Notes on
Caches
Andreas Moshovos
Spring 2007
Please refer to the book for a complete treatment of caches. Here we review a few examples that explain some of the underlying concepts.
Cache Indexing
A cache is organized as a two-dimensional array of blocks. The rows are called sets, and the columns are called ways. At the one extreme there is only one set. This is a fully-associative cache. In this case the number of ways equals the number of blocks. At the other extreme there is a single column. This is a direct-mapped cache. In this case, the number of sets equals the number of blocks. Any configuration in between is called an N-way set-associative cache where N is the number of ways. Notice that the number of sets is not specified. We can derived it given the total cache capacity.
Given an address from the CPU we need to index the cache. By this we mean, selecting the set in which the address may be cached. The common indexing scheme partitions the incoming address into three fields. Starting from the MSB these are the TAG, SET and OFFSET:
TAG |
SET |
OFFSET |
<- -------------------------------- Address bits ------------------------------ ->
For a fully-associative cache the set field does not exist. This is because there is only one set. For the direct-mapped cache, if the set width is S bits it holds that 2^S = #Blocks.
Let’s go over a few examples.
Example #1
1MB cache, with 64B blocks, 4-way Set-Associative, write-through with LRU replacement. Assume a 36-bit byte-addressable address space.
In this case, there are 2^36 different byte addresses.
It’s good practice to try to write the parameters as a power of two where possible. So we have Capacity = 1MB = 2^20 bytes, Block Size = 64B = 2^6, associativity = 4 = 2^2.
Notice that the capacity refers to the total number of data bytes that the cache can store. It does not include the overhead bits required by the tags, valid bits and LRU bits.
From the size of the blocks we can immediately derive the width of the offset field.
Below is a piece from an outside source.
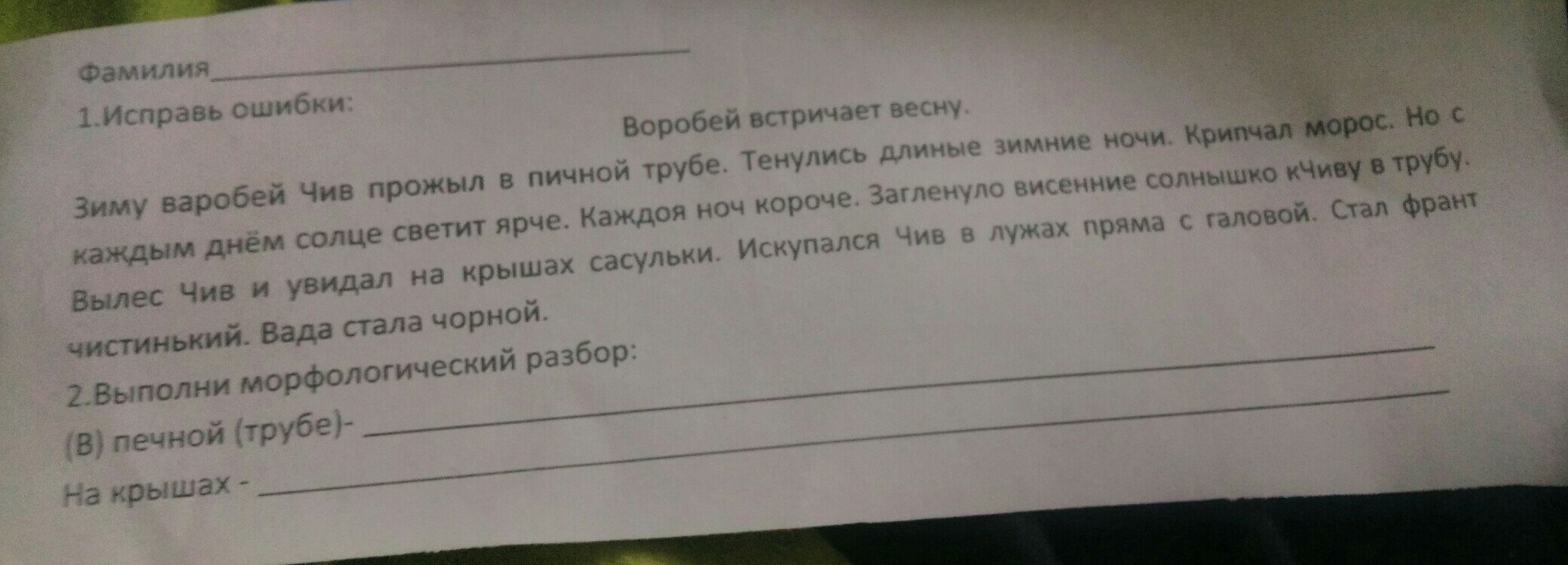 Зиму воробей Чив прожил в печной трубе. Тянулись длинные зимние ночи. Крепчал мороз. Но с каждым днём солнце светит ярче. Каждая ночь короче. Заглянуло весеннее солнышко к Чиву в трубу. Вылез Чив и увидал на крышах сосульки. Искупался Чив в лужах прямо с головой. Стал Франт чистенький. Вода стала чёрной.
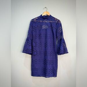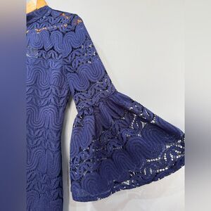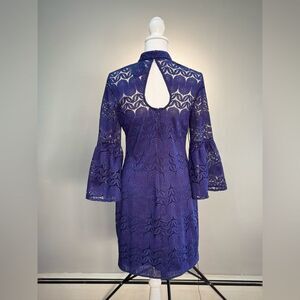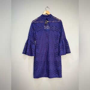 Blue Trina Turk Lace Overlay Bell Sleeve Dress Size 4 NWT

It holds that offset_width = lg(Block Size), where lg is the logarithm base two. So, in this case OFFw = 6 bits.
To find the width of the SET field we need to determine the number of rows. To do that we need to determine the number of blocks. We are given that this is a 4-way set-associative cache, hence each set has four blocks.
It holds:
#Blocks = Capacity / BlockSize = 2^20 / 2^6 = 2^14. There are 2^14 blocks.
#Sets = #Blocks / #ways = 2^14 / 2^2 = 2^12. There are 2^12 sets, hence the SET field is 12 bits wide.
So the indexing is done as follows:
<- --- 36 – 12 – 6 --- -> |
<- ------- 12 -------- -> |
<- -------- 6 -------- -> |
TAG |
SET |
OFFSET |
To access the cache we first use the 12 SET bits to select one of the 2^12 sets. Then we compare the TAG field with the TAG fields of the four blocks that belong to the set. If a match is found, we finally use the OFFSET field to select the appropriate byte out of the 64 stored in the block.
Example #2
36KB, 9-way set-associative cache, with 8-byte blocks, write-back with LRU replacement and a 2^24 address space (byte addressable).
We immediately know that OFF width = 3 bits (from the block size).
#blocks = Capacity / block size = 9 * 4K / 2^3 = 9 * 2^12 / 2^3 = 9 x 2^9.
#sets = #blocks / #ways = 9 x 2^9 / 9 = 2^9.
So the SET field is 9 bits wide.
It follows that that TAG field is 24 – 9 – 3 bits wide.
Example #3
If we have 7KB of data cache and assuming 128B blocks what can the associativity be?
Let’s first see how many blocks are there:
#blocks = Capacity / block size = 7 x 2^10 / 2^7 = 7 x 2^3.
We can organize the blocks into one set. This would be a Fully-Associative cache.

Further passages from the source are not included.